Each line below is to be copied exactly; images do not go into the copy.

* [EXERCISE DATA]
━━━━

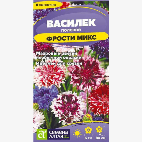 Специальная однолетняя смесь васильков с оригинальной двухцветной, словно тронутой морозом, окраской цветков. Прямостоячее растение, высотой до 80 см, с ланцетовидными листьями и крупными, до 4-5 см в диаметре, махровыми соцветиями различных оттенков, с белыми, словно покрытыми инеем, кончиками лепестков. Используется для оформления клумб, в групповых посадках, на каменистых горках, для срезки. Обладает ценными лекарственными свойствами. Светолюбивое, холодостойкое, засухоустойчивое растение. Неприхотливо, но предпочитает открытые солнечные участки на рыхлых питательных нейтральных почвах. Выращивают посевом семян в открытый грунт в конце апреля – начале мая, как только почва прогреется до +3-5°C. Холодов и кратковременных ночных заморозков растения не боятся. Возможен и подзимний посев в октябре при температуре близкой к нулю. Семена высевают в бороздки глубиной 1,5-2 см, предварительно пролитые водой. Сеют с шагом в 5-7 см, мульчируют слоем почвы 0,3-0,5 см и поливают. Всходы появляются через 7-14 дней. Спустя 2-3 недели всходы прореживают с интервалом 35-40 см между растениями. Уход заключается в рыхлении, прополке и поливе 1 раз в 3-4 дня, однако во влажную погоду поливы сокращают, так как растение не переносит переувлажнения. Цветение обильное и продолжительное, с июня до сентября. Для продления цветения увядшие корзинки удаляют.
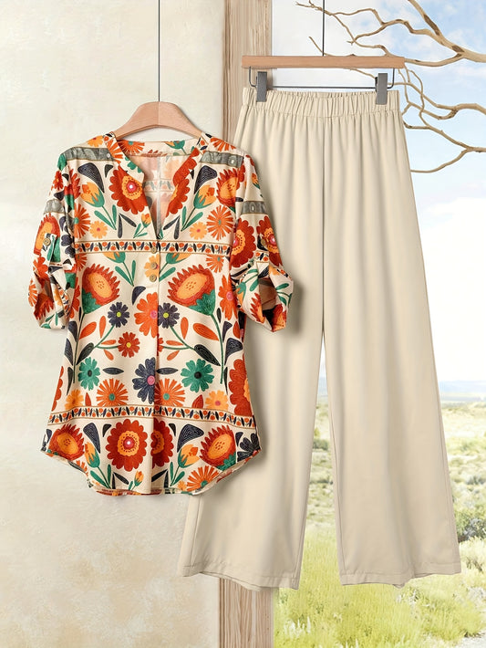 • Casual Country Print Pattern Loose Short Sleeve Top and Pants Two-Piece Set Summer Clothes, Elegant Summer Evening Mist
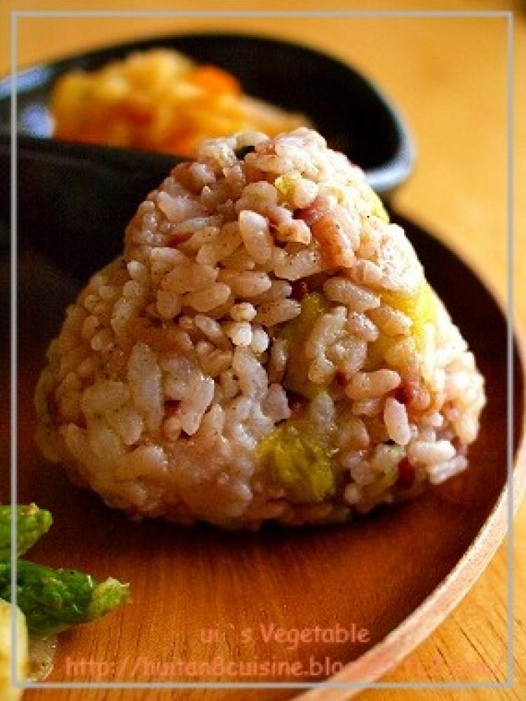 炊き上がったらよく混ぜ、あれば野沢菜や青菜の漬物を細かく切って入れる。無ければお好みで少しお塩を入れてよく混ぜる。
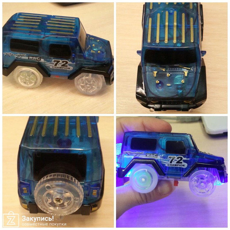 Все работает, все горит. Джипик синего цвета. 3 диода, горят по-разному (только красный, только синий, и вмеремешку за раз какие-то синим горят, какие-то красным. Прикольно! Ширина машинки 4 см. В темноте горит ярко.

━━━━

* [RESULT]
 Специальная однолетняя смесь васильков с оригинальной двухцветной, словно тронутой морозом, окраской цветков. Прямостоячее растение, высотой до 80 см, с ланцетовидными листьями и крупными, до 4-5 см в диаметре, махровыми соцветиями различных оттенков, с белыми, словно покрытыми инеем, кончиками лепестков. Используется для оформления клумб, в групповых посадках, на каменистых горках, для срезки. Обладает ценными лекарственными свойствами. Светолюбивое, холодостойкое, засухоустойчивое растение. Неприхотливо, но предпочитает открытые солнечные участки на рыхлых питательных нейтральных почвах. Выращивают посевом семян в открытый грунт в конце апреля – начале мая, как только почва прогреется до +3-5°C. Холодов и кратковременных ночных заморозков растения не боятся. Возможен и подзимний посев в октябре при температуре близкой к нулю. Семена высевают в бороздки глубиной 1,5-2 см, предварительно пролитые водой. Сеют с шагом в 5-7 см, мульчируют слоем почвы 0,3-0,5 см и поливают. Всходы появляются через 7-14 дней. Спустя 2-3 недели всходы прореживают с интервалом 35-40 см между растениями. Уход заключается в рыхлении, прополке и поливе 1 раз в 3-4 дня, однако во влажную погоду поливы сокращают, так как растение не переносит переувлажнения. Цветение обильное и продолжительное, с июня до сентября. Для продления цветения увядшие корзинки удаляют.
 • Casual Country Print Pattern Loose Short Sleeve Top and Pants Two-Piece Set Summer Clothes, Elegant Summer Evening Mist
 炊き上がったらよく混ぜ、あれば野沢菜や青菜の漬物を細かく切って入れる。無ければお好みで少しお塩を入れてよく混ぜる。
 Все работает, все горит. Джипик синего цвета. 3 диода, горят по-разному (только красный, только синий, и вмеремешку за раз какие-то синим горят, какие-то красным. Прикольно! Ширина машинки 4 см. В темноте горит ярко.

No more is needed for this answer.